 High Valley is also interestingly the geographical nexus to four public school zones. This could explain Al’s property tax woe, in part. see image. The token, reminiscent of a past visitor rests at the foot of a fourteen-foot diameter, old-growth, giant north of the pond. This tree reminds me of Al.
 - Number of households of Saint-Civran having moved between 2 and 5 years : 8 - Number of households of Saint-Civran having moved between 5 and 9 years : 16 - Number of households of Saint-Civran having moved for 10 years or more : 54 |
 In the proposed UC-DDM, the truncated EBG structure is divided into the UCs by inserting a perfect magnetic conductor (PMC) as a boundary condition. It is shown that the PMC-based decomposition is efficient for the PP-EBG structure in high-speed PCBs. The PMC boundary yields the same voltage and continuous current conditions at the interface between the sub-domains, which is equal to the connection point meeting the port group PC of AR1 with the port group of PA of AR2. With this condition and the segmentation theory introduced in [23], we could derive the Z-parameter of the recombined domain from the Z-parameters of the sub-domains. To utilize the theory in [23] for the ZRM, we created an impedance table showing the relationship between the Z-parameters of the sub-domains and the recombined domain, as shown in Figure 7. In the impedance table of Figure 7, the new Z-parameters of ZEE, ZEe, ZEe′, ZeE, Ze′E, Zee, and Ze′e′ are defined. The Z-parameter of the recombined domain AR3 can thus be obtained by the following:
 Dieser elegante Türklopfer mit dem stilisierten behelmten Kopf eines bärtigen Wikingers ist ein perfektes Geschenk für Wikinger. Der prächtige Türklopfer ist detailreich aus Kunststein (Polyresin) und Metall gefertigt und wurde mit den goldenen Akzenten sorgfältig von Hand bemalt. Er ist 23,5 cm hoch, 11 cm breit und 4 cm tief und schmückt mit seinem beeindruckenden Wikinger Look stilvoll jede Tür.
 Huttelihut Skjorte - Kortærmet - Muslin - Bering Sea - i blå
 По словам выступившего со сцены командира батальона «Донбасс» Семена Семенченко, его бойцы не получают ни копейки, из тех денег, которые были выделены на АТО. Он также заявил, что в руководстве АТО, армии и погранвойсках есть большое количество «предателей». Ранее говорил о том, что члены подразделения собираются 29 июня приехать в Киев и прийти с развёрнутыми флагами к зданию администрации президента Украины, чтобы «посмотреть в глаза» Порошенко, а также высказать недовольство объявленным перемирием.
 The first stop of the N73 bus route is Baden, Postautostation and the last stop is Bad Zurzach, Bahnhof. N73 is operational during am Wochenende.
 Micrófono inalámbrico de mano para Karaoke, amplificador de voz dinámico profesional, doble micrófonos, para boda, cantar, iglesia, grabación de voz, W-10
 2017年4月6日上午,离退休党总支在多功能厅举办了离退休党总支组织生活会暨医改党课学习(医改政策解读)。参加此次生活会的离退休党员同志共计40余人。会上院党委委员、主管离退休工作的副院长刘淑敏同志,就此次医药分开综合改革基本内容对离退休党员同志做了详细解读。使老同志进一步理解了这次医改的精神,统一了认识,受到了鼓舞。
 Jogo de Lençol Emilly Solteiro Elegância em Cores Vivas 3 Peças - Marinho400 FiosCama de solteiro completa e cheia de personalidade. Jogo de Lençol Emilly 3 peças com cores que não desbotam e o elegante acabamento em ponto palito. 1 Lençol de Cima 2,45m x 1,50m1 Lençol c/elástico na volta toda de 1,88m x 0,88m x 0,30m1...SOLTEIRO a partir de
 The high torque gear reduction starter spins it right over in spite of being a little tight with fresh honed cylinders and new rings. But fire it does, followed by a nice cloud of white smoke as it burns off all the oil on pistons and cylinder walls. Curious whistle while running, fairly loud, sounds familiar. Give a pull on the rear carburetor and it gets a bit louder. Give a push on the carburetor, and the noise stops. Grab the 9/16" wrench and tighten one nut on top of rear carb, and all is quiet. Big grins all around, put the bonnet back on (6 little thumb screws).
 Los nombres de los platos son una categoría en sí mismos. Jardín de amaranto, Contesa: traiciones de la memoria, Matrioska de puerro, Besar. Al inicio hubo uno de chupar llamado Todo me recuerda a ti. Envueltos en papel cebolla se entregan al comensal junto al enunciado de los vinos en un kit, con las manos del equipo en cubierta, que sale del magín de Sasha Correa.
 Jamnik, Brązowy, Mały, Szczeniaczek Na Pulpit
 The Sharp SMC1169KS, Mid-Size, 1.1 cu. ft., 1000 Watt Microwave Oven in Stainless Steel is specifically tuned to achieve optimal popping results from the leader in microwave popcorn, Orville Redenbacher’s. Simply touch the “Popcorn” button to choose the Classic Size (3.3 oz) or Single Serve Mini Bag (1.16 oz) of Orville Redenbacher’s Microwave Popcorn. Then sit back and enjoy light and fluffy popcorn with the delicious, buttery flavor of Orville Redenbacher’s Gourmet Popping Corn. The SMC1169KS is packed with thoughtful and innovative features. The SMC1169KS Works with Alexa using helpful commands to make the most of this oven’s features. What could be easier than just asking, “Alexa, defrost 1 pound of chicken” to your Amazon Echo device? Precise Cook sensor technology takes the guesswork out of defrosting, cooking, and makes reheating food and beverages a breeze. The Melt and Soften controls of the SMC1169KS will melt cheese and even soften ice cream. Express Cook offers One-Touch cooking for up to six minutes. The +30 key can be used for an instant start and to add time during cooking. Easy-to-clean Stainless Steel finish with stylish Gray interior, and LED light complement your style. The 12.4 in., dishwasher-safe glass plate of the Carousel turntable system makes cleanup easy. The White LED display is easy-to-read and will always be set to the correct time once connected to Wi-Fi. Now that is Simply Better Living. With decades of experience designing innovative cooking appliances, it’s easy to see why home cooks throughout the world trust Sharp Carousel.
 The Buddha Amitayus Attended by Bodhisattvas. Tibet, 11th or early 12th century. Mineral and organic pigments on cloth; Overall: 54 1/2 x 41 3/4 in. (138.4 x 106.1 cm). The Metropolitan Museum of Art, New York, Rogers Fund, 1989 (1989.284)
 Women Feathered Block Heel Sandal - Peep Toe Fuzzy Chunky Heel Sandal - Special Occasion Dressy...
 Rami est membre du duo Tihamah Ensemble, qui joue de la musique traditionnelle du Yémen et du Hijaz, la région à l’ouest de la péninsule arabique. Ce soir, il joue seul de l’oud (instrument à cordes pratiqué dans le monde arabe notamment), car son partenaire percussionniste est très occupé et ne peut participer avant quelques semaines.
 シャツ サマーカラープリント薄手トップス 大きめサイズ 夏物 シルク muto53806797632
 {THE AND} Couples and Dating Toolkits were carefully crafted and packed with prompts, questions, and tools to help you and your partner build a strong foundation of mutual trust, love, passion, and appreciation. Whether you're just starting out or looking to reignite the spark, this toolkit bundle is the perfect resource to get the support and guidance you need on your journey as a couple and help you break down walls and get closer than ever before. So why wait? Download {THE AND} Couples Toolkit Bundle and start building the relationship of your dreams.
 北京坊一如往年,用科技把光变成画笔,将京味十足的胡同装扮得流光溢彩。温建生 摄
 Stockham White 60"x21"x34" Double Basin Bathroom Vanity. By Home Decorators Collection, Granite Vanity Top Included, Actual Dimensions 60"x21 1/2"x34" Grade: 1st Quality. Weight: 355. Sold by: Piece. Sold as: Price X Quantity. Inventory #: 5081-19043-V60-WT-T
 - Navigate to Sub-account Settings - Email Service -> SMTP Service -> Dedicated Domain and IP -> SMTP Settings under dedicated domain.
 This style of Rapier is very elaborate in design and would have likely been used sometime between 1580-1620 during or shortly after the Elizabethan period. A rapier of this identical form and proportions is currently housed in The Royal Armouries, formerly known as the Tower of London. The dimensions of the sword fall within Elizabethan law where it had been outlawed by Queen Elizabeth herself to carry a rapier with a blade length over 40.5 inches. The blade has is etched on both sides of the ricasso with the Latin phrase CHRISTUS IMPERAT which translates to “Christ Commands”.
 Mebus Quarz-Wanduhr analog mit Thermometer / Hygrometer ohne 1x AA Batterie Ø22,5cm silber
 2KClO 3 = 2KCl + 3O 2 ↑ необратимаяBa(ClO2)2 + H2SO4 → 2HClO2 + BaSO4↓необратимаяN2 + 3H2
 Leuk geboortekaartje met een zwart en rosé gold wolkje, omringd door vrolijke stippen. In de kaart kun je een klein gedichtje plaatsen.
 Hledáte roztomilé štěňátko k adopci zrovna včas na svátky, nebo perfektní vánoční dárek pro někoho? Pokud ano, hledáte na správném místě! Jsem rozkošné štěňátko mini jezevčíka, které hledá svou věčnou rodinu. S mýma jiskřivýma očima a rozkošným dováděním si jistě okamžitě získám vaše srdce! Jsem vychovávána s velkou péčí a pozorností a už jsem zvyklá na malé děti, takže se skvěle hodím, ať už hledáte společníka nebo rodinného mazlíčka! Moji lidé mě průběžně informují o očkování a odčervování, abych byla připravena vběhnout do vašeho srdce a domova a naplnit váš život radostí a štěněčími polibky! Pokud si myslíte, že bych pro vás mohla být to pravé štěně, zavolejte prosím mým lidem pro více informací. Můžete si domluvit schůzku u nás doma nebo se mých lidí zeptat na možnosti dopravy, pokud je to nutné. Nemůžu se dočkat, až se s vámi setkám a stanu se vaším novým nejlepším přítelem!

==============================

> [Required work] Which lines run from the one containing "This style of" through the end of the material? Output exactly those lines and no others.

> [Response to the task]
 This style of Rapier is very elaborate in design and would have likely been used sometime between 1580-1620 during or shortly after the Elizabethan period. A rapier of this identical form and proportions is currently housed in The Royal Armouries, formerly known as the Tower of London. The dimensions of the sword fall within Elizabethan law where it had been outlawed by Queen Elizabeth herself to carry a rapier with a blade length over 40.5 inches. The blade has is etched on both sides of the ricasso with the Latin phrase CHRISTUS IMPERAT which translates to “Christ Commands”.
 Mebus Quarz-Wanduhr analog mit Thermometer / Hygrometer ohne 1x AA Batterie Ø22,5cm silber
 2KClO 3 = 2KCl + 3O 2 ↑ необратимаяBa(ClO2)2 + H2SO4 → 2HClO2 + BaSO4↓необратимаяN2 + 3H2
 Leuk geboortekaartje met een zwart en rosé gold wolkje, omringd door vrolijke stippen. In de kaart kun je een klein gedichtje plaatsen.
 Hledáte roztomilé štěňátko k adopci zrovna včas na svátky, nebo perfektní vánoční dárek pro někoho? Pokud ano, hledáte na správném místě! Jsem rozkošné štěňátko mini jezevčíka, které hledá svou věčnou rodinu. S mýma jiskřivýma očima a rozkošným dováděním si jistě okamžitě získám vaše srdce! Jsem vychovávána s velkou péčí a pozorností a už jsem zvyklá na malé děti, takže se skvěle hodím, ať už hledáte společníka nebo rodinného mazlíčka! Moji lidé mě průběžně informují o očkování a odčervování, abych byla připravena vběhnout do vašeho srdce a domova a naplnit váš život radostí a štěněčími polibky! Pokud si myslíte, že bych pro vás mohla být to pravé štěně, zavolejte prosím mým lidem pro více informací. Můžete si domluvit schůzku u nás doma nebo se mých lidí zeptat na možnosti dopravy, pokud je to nutné. Nemůžu se dočkat, až se s vámi setkám a stanu se vaším novým nejlepším přítelem!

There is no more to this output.